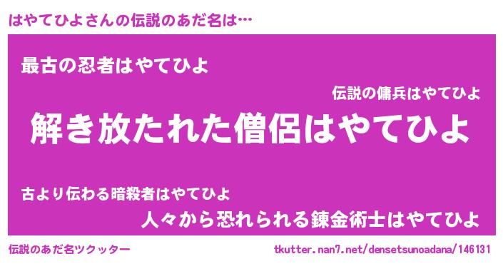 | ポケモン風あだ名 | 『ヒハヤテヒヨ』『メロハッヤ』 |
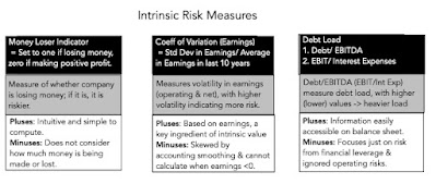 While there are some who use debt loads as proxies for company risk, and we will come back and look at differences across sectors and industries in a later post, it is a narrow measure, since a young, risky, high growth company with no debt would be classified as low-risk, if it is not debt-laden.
===============
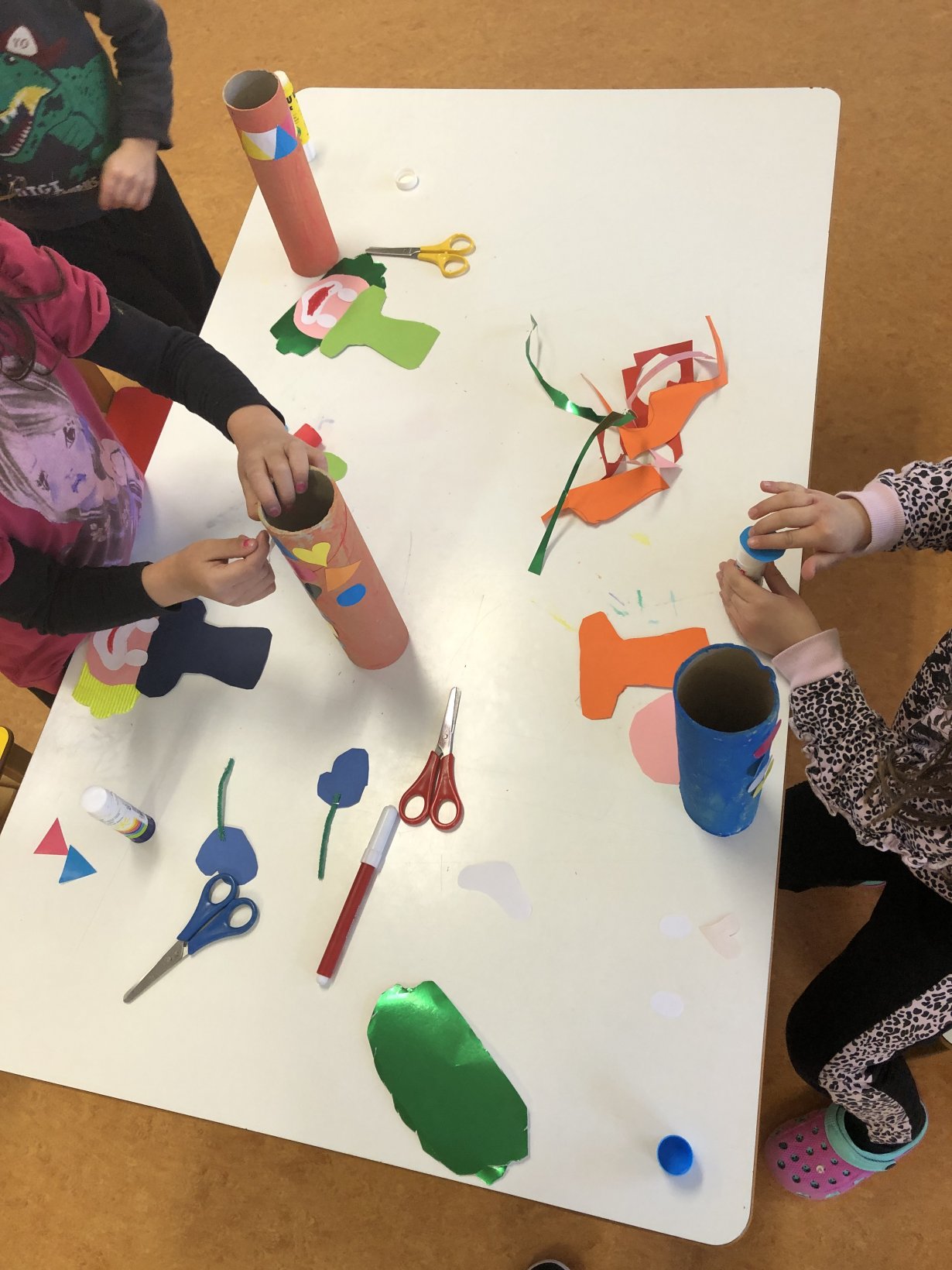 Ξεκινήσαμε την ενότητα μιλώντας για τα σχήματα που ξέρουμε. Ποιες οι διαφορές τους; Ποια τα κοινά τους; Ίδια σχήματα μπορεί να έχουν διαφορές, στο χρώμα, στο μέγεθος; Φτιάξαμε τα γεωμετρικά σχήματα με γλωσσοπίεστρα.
===============
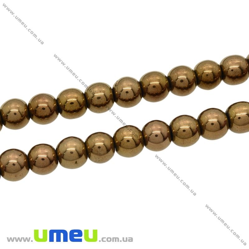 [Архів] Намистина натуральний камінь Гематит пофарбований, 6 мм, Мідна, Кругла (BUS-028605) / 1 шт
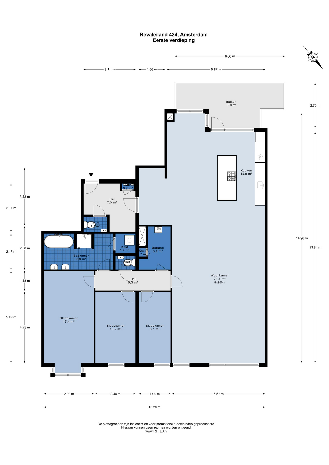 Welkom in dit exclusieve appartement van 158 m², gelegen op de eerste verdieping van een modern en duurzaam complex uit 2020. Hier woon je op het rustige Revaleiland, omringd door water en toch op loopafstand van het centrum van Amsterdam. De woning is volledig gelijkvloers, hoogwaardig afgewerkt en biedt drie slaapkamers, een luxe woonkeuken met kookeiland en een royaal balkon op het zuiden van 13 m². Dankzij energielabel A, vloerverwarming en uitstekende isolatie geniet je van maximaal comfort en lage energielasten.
===============
> **Problem details**
Above are the records; restate exactly the lines from the one containing "[Архів] Намистина натуральний" through the one containing "Welkom in dit", keeping pictures out.

> **Final answer**
 [Архів] Намистина натуральний камінь Гематит пофарбований, 6 мм, Мідна, Кругла (BUS-028605) / 1 шт
 Welkom in dit exclusieve appartement van 158 m², gelegen op de eerste verdieping van een modern en duurzaam complex uit 2020. Hier woon je op het rustige Revaleiland, omringd door water en toch op loopafstand van het centrum van Amsterdam. De woning is volledig gelijkvloers, hoogwaardig afgewerkt en biedt drie slaapkamers, een luxe woonkeuken met kookeiland en een royaal balkon op het zuiden van 13 m². Dankzij energielabel A, vloerverwarming en uitstekende isolatie geniet je van maximaal comfort en lage energielasten.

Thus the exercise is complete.